» **EXERCISE GOAL**:
Once the line with "Finhacka lök, bacon" is reached, output it and every line after it, exactly, through the end of the records below. Pictures are skipped.

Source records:
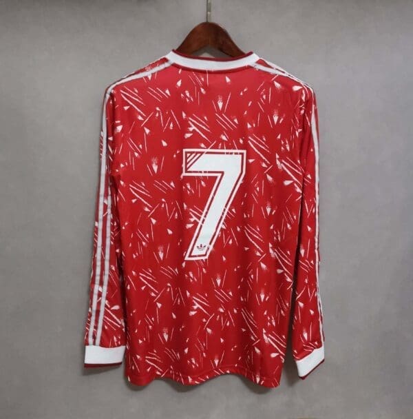 The Liverpool 1989/1990 home red kit, in its long-sleeve variant, serves as a nostalgic homage to the club’s football heritage. This retro jersey is a visual representation of an era defined by resilience and triumph. The enduring charm of the classic red color, coupled with thoughtful design nuances, encapsulates the spirit of a historic season for the team. Worn with pride by the Liverpool faithful, this long-sleeve retro kit symbolizes the dedication and excellence that characterize the club’s legacy. A cherished relic from football’s past, the 1989/1990 home red kit is a testament to Liverpool’s unwavering commitment to greatness.
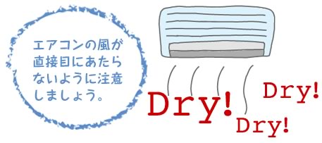 夏は比較的に湿度が高いですが暑い日、エアコンの効いた室内にこもりっきりでテレビを見たり、ゲームをしたり、パソコンばかりしていると目も乾きやすくなり、ドライアイの症状を引き起こしやすくなります。とくにエアコンの風が直接目にあたらないように注意しましょう。
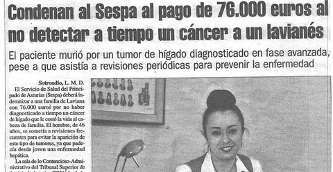 [Leer Más]Sotrondio, L. M. D. El Servicio de Salud del Principado de Asturias (SESPA) deberá indemnizar a una familia de Laviana con 76.000 euros por no haber diagnosticado a tiempo un cáncer de hígado que le costó la vida al cabeza de familia. El hombre, de 46 años, se sometía a revisiones frecuentes para evitar la aparición de este tipo de tumores, ya que padecía desde joven una enfermedad hepática.
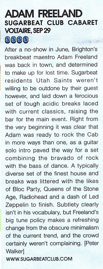 After a no show in June, Brighton’s breakbeat maestro Adam Freeland was back in town, and determined to make up for lost time.
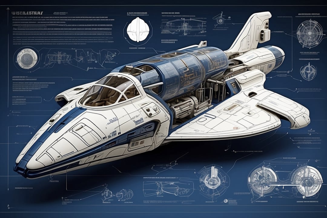 Concept Blueprint-style illustration of the spaceship/key elements from the Interstellar movie. by Lucky-Independence73
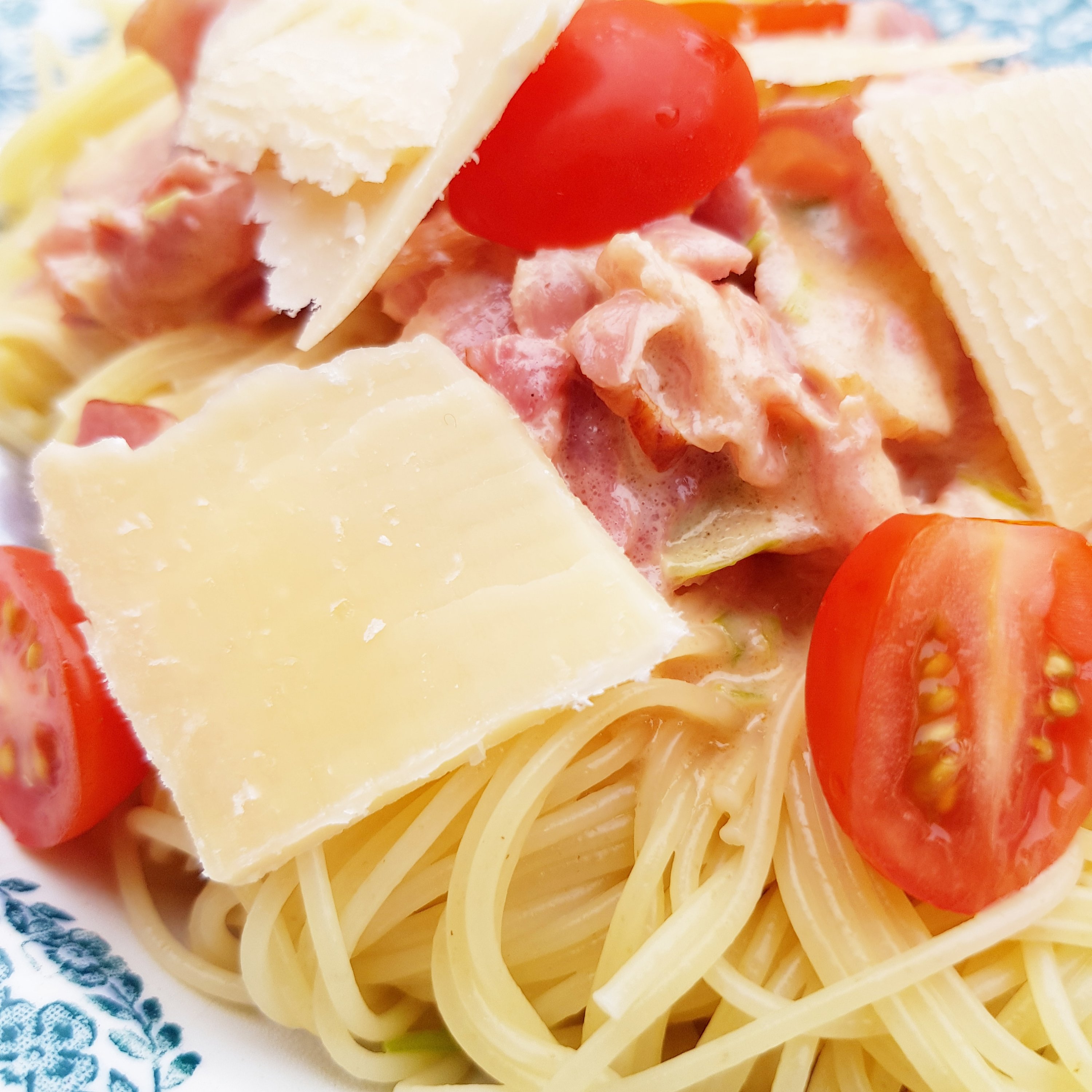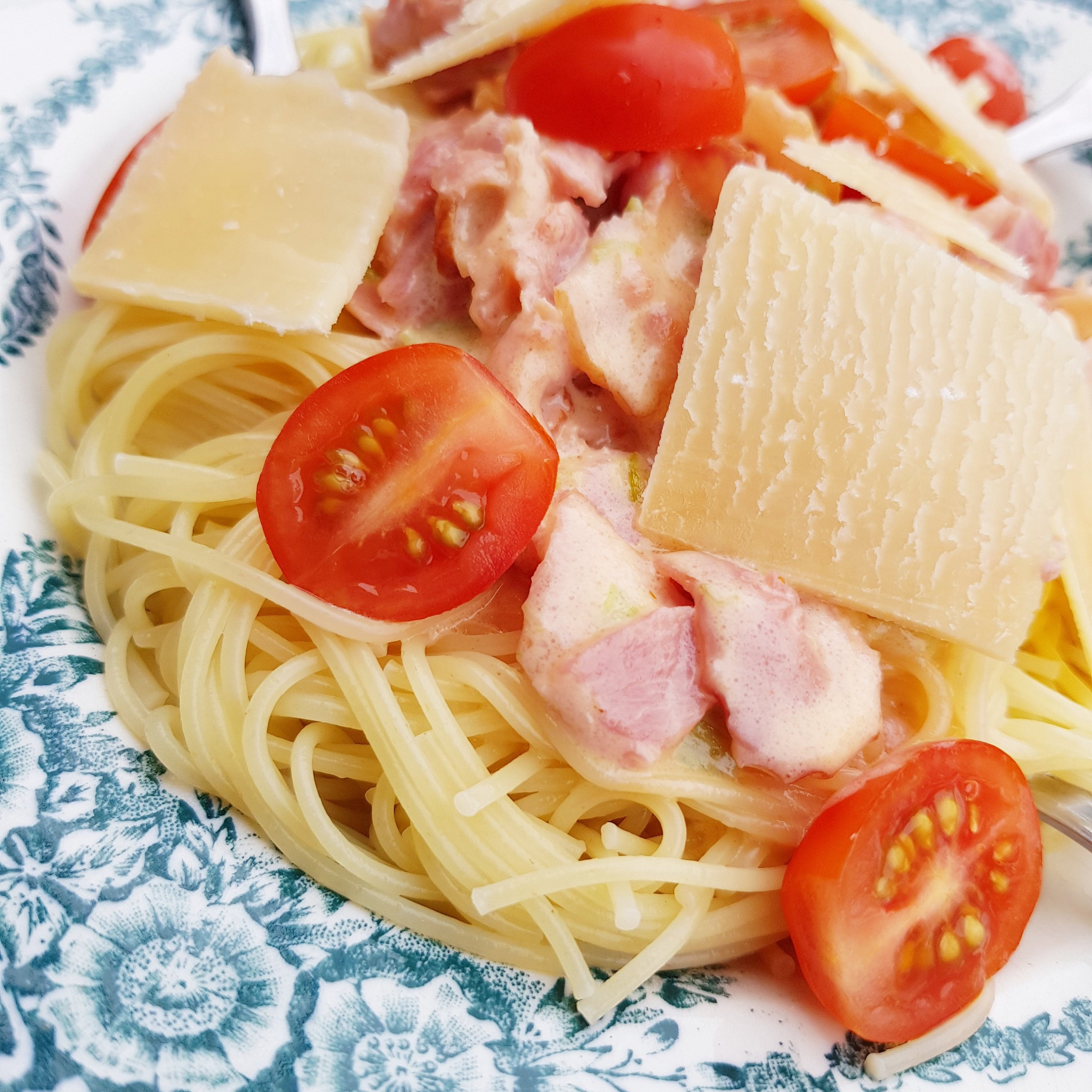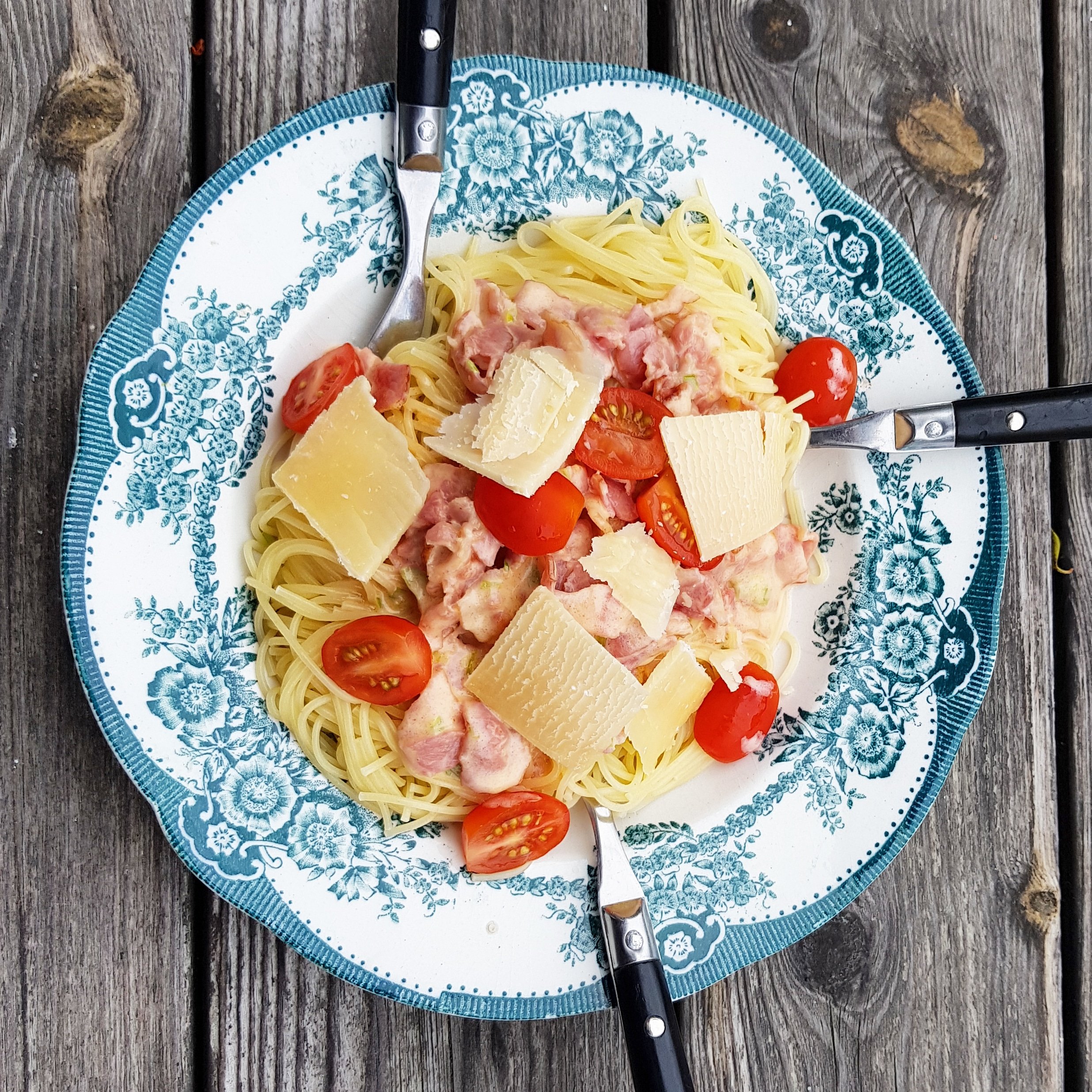 Finhacka lök, bacon och stek tillsammans med laktosfritt smör. Ner med grädde och en matsked cremèfraiche, krydda och koka spaghetti. Serveras det till barn brukar ketchup önskas. Själv föredrar vi hyvlad parmesanost och cocktailtomater. Viktigt. Ta bort tomatroten!
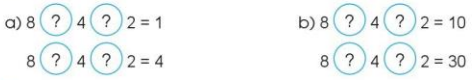 Chọn dấu (+, -, x, 🙂 hoặc dấu ngoặc () vào vị trí thích hợp để biểu thức có giá trị đúng:
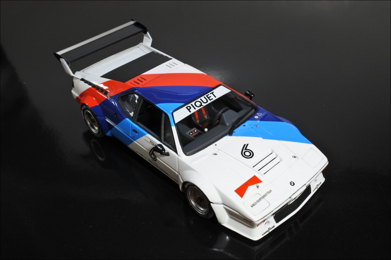 ...事關打算自行噴上橫跨車身的三條寶馬招牌顏色間條,雖然模型有提供貼紙,但車身太多凹凸表面和轉彎位,很難會黐得平滑而且貼紙與貼紙之間未必銜接到,所以索性自行間色噴上。三條間條分別配以淺藍(#34)、深藍(#322)、及紅(#3)代表。

» **ANSWER**:
 Finhacka lök, bacon och stek tillsammans med laktosfritt smör. Ner med grädde och en matsked cremèfraiche, krydda och koka spaghetti. Serveras det till barn brukar ketchup önskas. Själv föredrar vi hyvlad parmesanost och cocktailtomater. Viktigt. Ta bort tomatroten!
 Chọn dấu (+, -, x, 🙂 hoặc dấu ngoặc () vào vị trí thích hợp để biểu thức có giá trị đúng:
 ...事關打算自行噴上橫跨車身的三條寶馬招牌顏色間條,雖然模型有提供貼紙,但車身太多凹凸表面和轉彎位,很難會黐得平滑而且貼紙與貼紙之間未必銜接到,所以索性自行間色噴上。三條間條分別配以淺藍(#34)、深藍(#322)、及紅(#3)代表。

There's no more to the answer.